(Records from a collection)
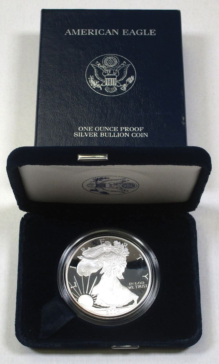 Washington D.C., 2004. Walking Liberty 1 Ounce Proof Silver Bullion Coin in Original Packaging, Obverse shows Walking Liberty design and reverse shows and eagle with shield, Contains 1 troy ounce of .999 silver, Gem Unc condition.
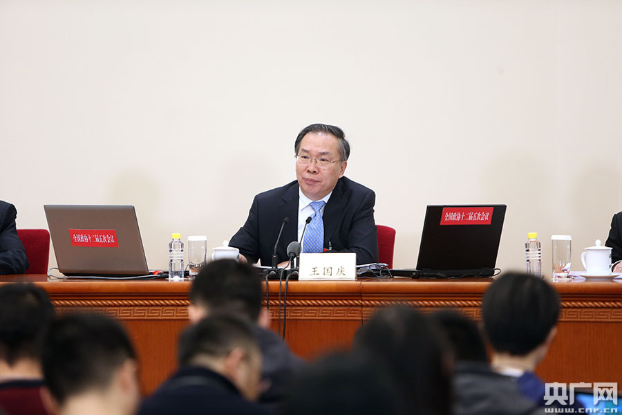 3月2日,全國政協(xié)十二屆五次會議新聞發(fā)布會在北京人民大會堂舉行,大會新聞發(fā)言人王國慶介紹會議有關(guān)情況并回答中外記者提問。圖為王國慶在發(fā)布會上回答記者提問。央廣網(wǎng)記者韓靖攝
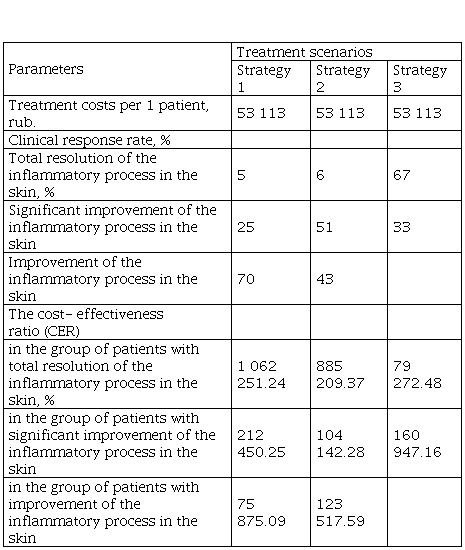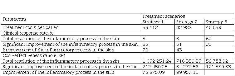 The obtained results showed that the costs per effectively treated patient who achieved total resolution of the inflammatory process in the skin were as follows: 1 062.25 thsd (Strategy 1), 716.35 thsd (Strategy 2), and 59.79 thsd (Strategy 3). In comparison with the standard treatment, the cost-effectiveness ratio is also lower when using combined treatment: 84.28 thsd (in combination with standard therapy and laser therapy) and 121.38 thsd (in combination with standard therapy and CAP).
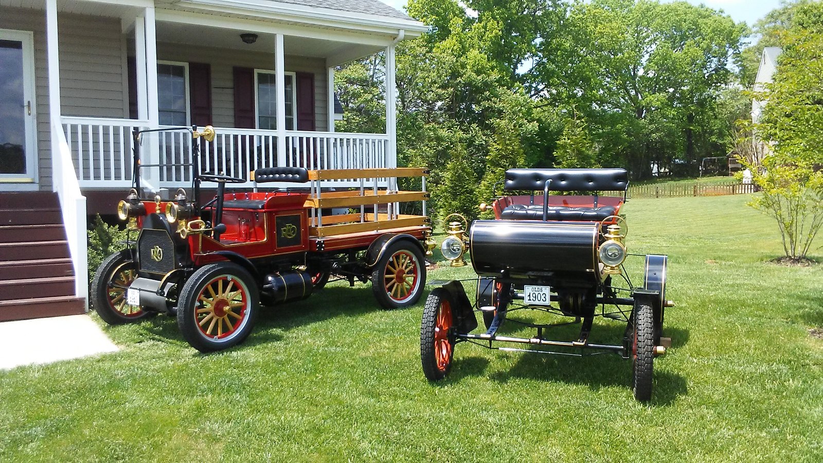 Neighbor kids on my 1897 Olds Trap. I always have kids on the cars, it's the best way to spark that lifetime interest. Then my granddaughter driving me around in the 1910 REO truck.
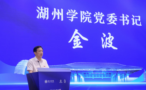党委书记金波致辞。他首先向出席会议和一直以来关心支持437437必赢国际网址建设发展的各位领导和朋友致以衷心的感谢和崇高的敬意。他表示,作为湖州人民自己的大学,在市委市政府的正确领导和大力支持下,全校上下始终秉承“姓湖州、兴湖州”的基本办学理念,始终坚持“湖州所需、湖院所能”,坚持将论文写在湖州大地上,着力培养湖州产业发展亟需的高素质应用型人才,赋能湖州经济社会发展。
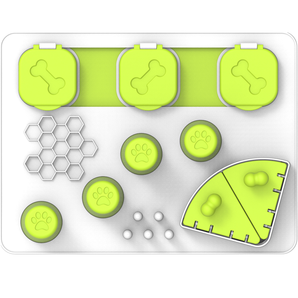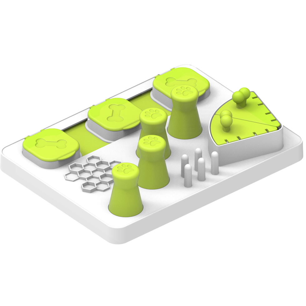 This fun food puzzle will make dogs enjoy their meal even more! Dogs will have to slide, flip and lift the parts of the puzzle to find the hidden treat. It stimulates the dog mentally, it rewards the dog and it can work well as a distraction when the dog has to be home alone, for example.
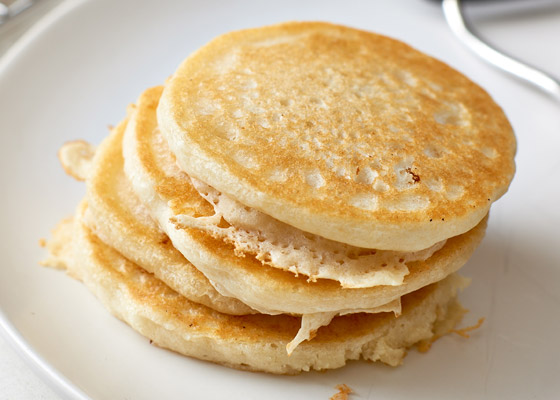 5. اسكبوا مغرفة من عجينة البان كيك واتركوها حتى تتحمر أطرافها وتظهر الفقاعات على وجهها من ثم اقلبوها.
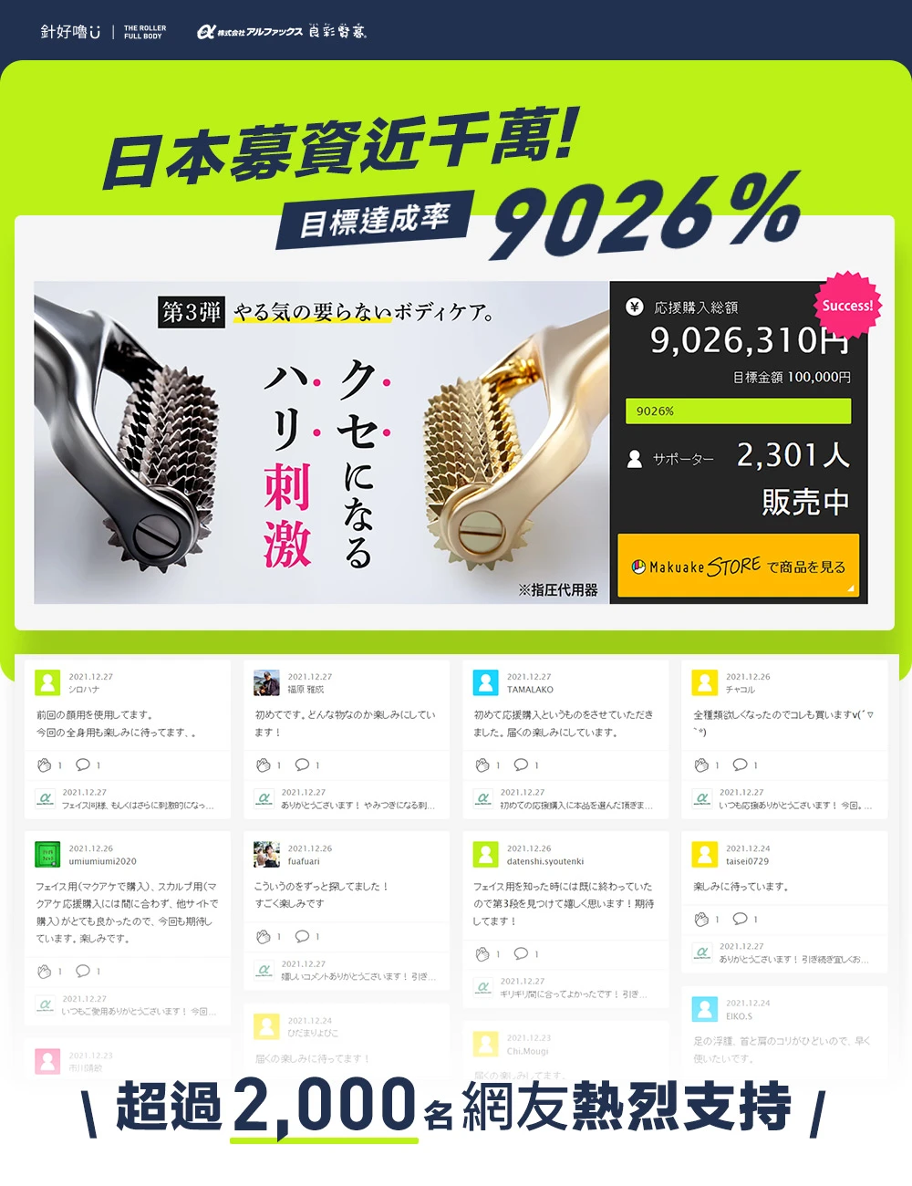 ▍ 日本募資近千萬,目標達成率 9026%!
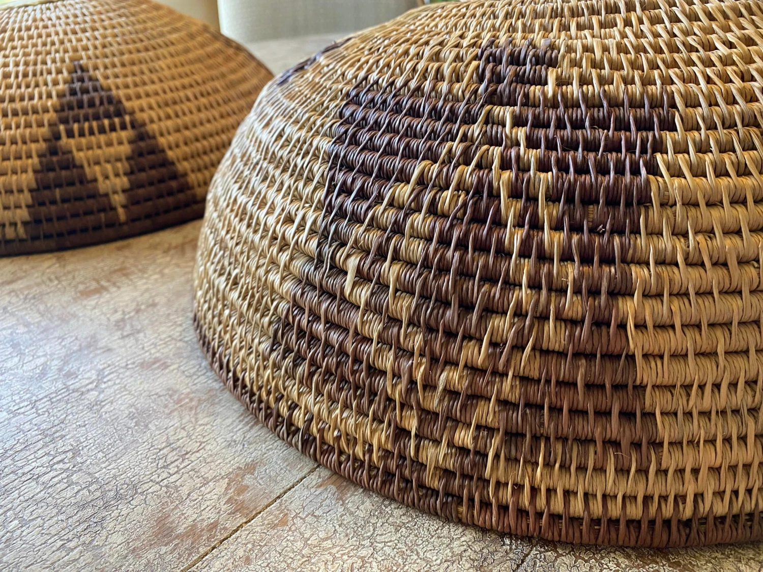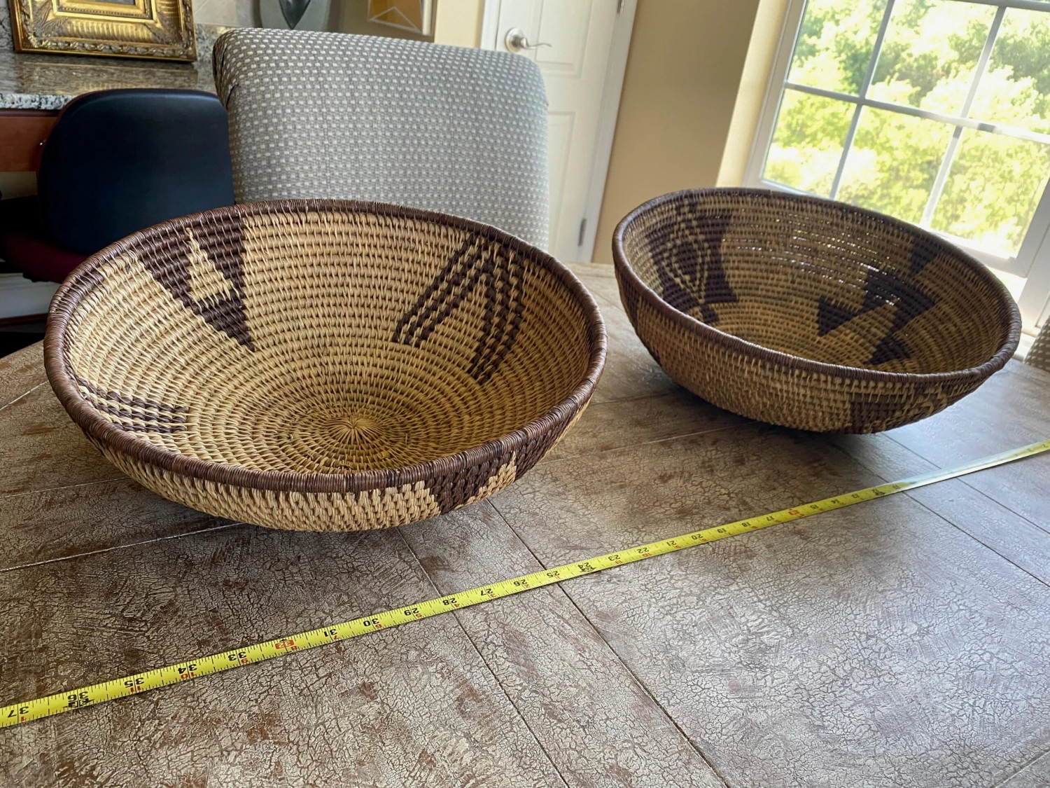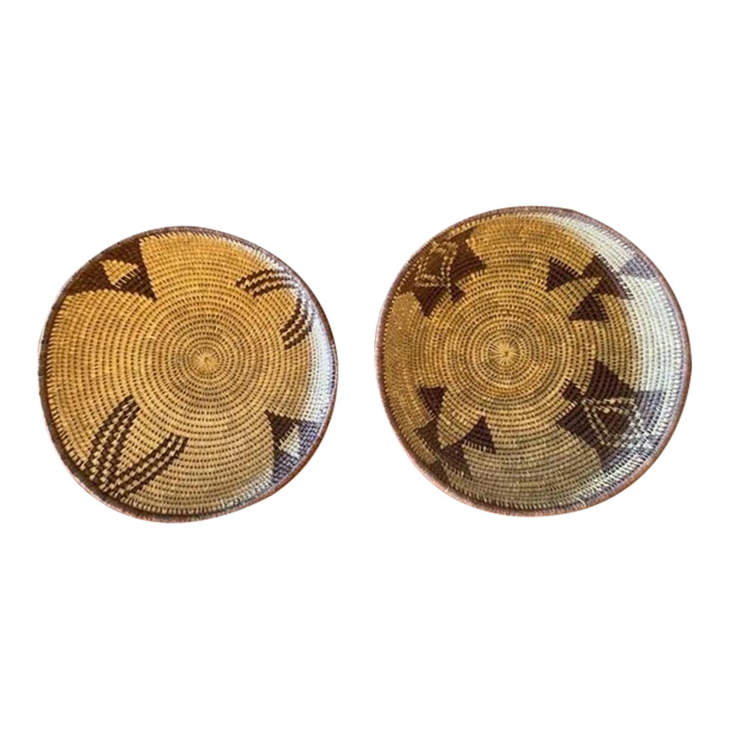 Set of 2 HUGE Vintage handwoven Papago/Tohono O’Odham Bowl Baskets have geometric designs and especially high quality well-made collectibles with …

Work task: Your copy should repeat each entry above exactly but contain no pictures.

Answer section:
 Washington D.C., 2004. Walking Liberty 1 Ounce Proof Silver Bullion Coin in Original Packaging, Obverse shows Walking Liberty design and reverse shows and eagle with shield, Contains 1 troy ounce of .999 silver, Gem Unc condition.
 3月2日,全國政協(xié)十二屆五次會議新聞發(fā)布會在北京人民大會堂舉行,大會新聞發(fā)言人王國慶介紹會議有關(guān)情況并回答中外記者提問。圖為王國慶在發(fā)布會上回答記者提問。央廣網(wǎng)記者韓靖攝
 The obtained results showed that the costs per effectively treated patient who achieved total resolution of the inflammatory process in the skin were as follows: 1 062.25 thsd (Strategy 1), 716.35 thsd (Strategy 2), and 59.79 thsd (Strategy 3). In comparison with the standard treatment, the cost-effectiveness ratio is also lower when using combined treatment: 84.28 thsd (in combination with standard therapy and laser therapy) and 121.38 thsd (in combination with standard therapy and CAP).
 Neighbor kids on my 1897 Olds Trap. I always have kids on the cars, it's the best way to spark that lifetime interest. Then my granddaughter driving me around in the 1910 REO truck.
党委书记金波致辞。他首先向出席会议和一直以来关心支持437437必赢国际网址建设发展的各位领导和朋友致以衷心的感谢和崇高的敬意。他表示,作为湖州人民自己的大学,在市委市政府的正确领导和大力支持下,全校上下始终秉承“姓湖州、兴湖州”的基本办学理念,始终坚持“湖州所需、湖院所能”,坚持将论文写在湖州大地上,着力培养湖州产业发展亟需的高素质应用型人才,赋能湖州经济社会发展。
 This fun food puzzle will make dogs enjoy their meal even more! Dogs will have to slide, flip and lift the parts of the puzzle to find the hidden treat. It stimulates the dog mentally, it rewards the dog and it can work well as a distraction when the dog has to be home alone, for example.
 5. اسكبوا مغرفة من عجينة البان كيك واتركوها حتى تتحمر أطرافها وتظهر الفقاعات على وجهها من ثم اقلبوها.
 ▍ 日本募資近千萬,目標達成率 9026%!
 Set of 2 HUGE Vintage handwoven Papago/Tohono O’Odham Bowl Baskets have geometric designs and especially high quality well-made collectibles with …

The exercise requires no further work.